Dalam memahami dan memotret perkembangan desa, saat ini pemerintah melakukan pengukuran atau penilaian dengan menggunakan tolok ukur  Indeks Desa Membangun (IDM). IDM  merupakan Indeks Komposit yang dibentuk berdasarkan tiga indeks, yaitu Indeks Ketahanan Sosial, Indeks Ketahanan Ekonomi dan Indeks Ketahanan Ekologi/Lingkungan. Perangkat indikator yang dikembangkan dalam Indeks Desa Membangun dikembangkan berdasarkan konsepsi bahwa untuk menuju Desa maju dan mandiri perlu kerangka kerja pembangunan berkelanjutan di mana aspek sosial, ekonomi, dan ekologi menjadi kekuatan yang saling mengisi dan menjaga potensi serta kemampuan Desa untuk mensejahterakan kehidupan Desa.

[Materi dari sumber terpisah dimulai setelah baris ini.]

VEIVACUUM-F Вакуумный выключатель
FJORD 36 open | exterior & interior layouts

IDM memotret perkembangan kemandirian Desa berdasarkan implementasi Undang-Undang Desa dengan dukungan Dana Desa serta Pendamping Desa. IDM  mengarahkan ketepatan intervensi dalam kebijakan dengan korelasi intervensi pembangunan yang tepat dari Pemerintah sesuai dengan partisipasi Masyarakat yang berkorelasi dengan karakteristik wilayah Desa yaitu tipologi dan modal sosial.

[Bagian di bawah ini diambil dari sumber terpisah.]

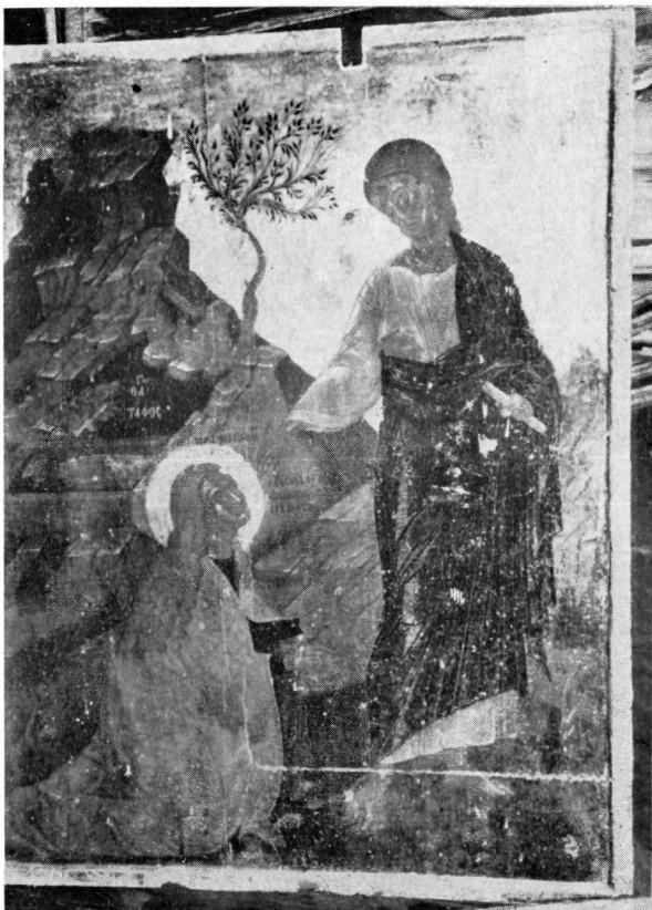
1. Εικόνα Παλαιού Μουσείου Ζακύνθου.

IDM  mengklasifikasi Desa dalam lima (5) status, yakni: Desa Sangat Tertinggal; Desa Tertinggal; Desa Berkembang; Desa Maju; dan Desa Mandiri. Klasifikasi dalam 5 status Desa tersebut juga untuk menajamkan penetapan status perkembangan Desa dan sekaligus rekomendasi intervensi kebijakan yang diperlukan. Status Desa Tertinggal, misalnya, dijelaskan dalam dua status Desa Tertinggal dan Desa Sangat Tertinggal di mana situasi dan kondisi setiap Desa yang ada di dalamnya membutuhkan pendekatan dan intervensi kebijakan yang berbeda. Menangani Desa Sangat Tertinggal akan berbeda tingkat afirmasi kebijakannya di banding dengan Desa Tertinggal. Indeks Desa Membangun merupakan komposit dari ketahanan sosial, ekonomi dan ekologi. IDM didasarkan pada 3 (tiga) dimensi tersebut dan dikembangkan lebih lanjut dalam 22 Variabel dan 52 indikator. Berikut ini batasan dan ciri dari ke lima tingkat perkembangan desa, yaitu :

Hasil Perkembangan Desa selama tiga tahun sebagaimana diatas.

Dari tabel tersebut dari tahun ketahun desa yang sangat tertinggal dan desa tertinggal semakin turun dan lepas dari ketertinggalannya. Desa yang maju dari tahun ke tahun semakin bertambah atau meningkat seriring dengan meningkatnya dari desa berkembang, demikian halnya desa yang mandiri juga meningkat. Kondisi ini diharapkan dapat menjadi salah satu tolok ukur dalam menilai tingkat perkembangan desa dari tiga aspek tersebut; aspek ketahanan ekonomi, ketahanan sosial dan ketahanan lingkungan.